Saw some pubes in our toilet, hope the new look works out tonight.
I'm proud of our boobs and what they could potentially achieve in life.
we used a swiffer mop as a stripper pole.
She broke both of her ankles trying to jump off the balcony. it's like every time she drinks she makes even more impressively bad decisions than the last time
welp wont be popping out a kid with a beret. frenchie is gone and the mother nature showed herself. bilingual kid can be erased from the bucket list
Jared is "trying to bite a strangers hat off" drunk. Oh, and that stranger is a girl at a table of 5 guys, one girl.
Sudden memory flashback: drunk me outside ripping my tampon out and throwing it into the neighbors yard, silently cheering 'time for sexxxx'. I sense a dangerous pattern emerging
I had a dream he was standing in front of me naked and flexing while yelling VICTORY and gizzing all over the floor.
my ass is still wet. this is highly unpleasant. give me 5 to get changed and I'm all yours. or you can yell things to me while I shower and burn clothes
OK BUT WHO THE FUCK FORGTS A LIVE CHICKEN IN MY HOUSE
You FaceTimed me to show me he was sucking your tit
Should I take a fireball shot or brush my teeth?

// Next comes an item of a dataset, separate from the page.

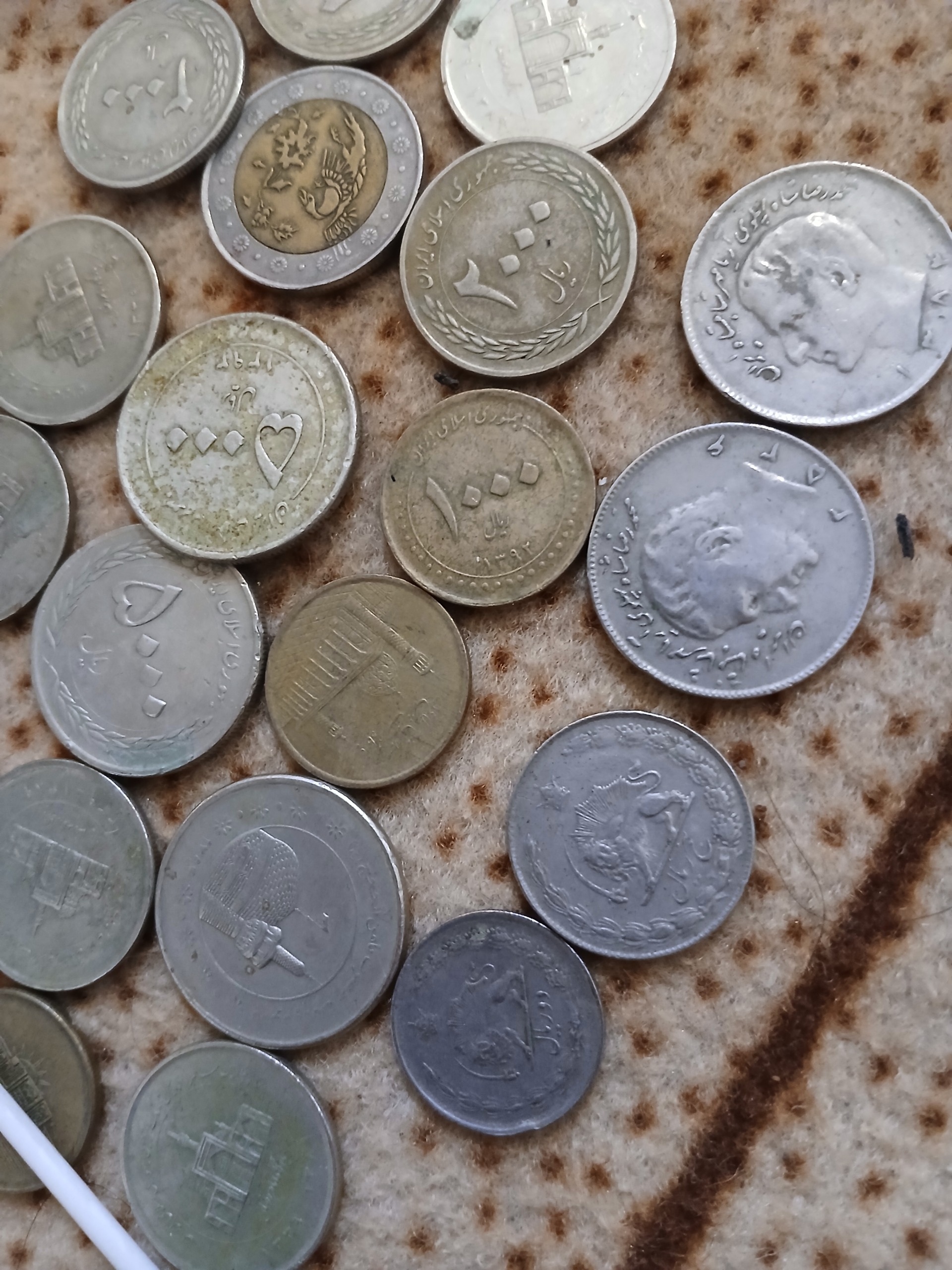 مقداری سکه ایرانی شاهی و ریال  و فنگ و تفگ جاکلیدی و تسبیح اینا همه باهم 2تومن

Lexi was drunk enough at 2pm to say "fuck tom brady and fuck you too" to literally every person at the store in Pats attire.
That was the first time i’ve been physically intimidated by a LinkedIn profile.
You fucked him, didn’t you?
He showed up at my house with tacos, rum and a negative Covid test. Of course I fucked him. I’m just a simple girl that likes tacos, not Margaret Thatcher!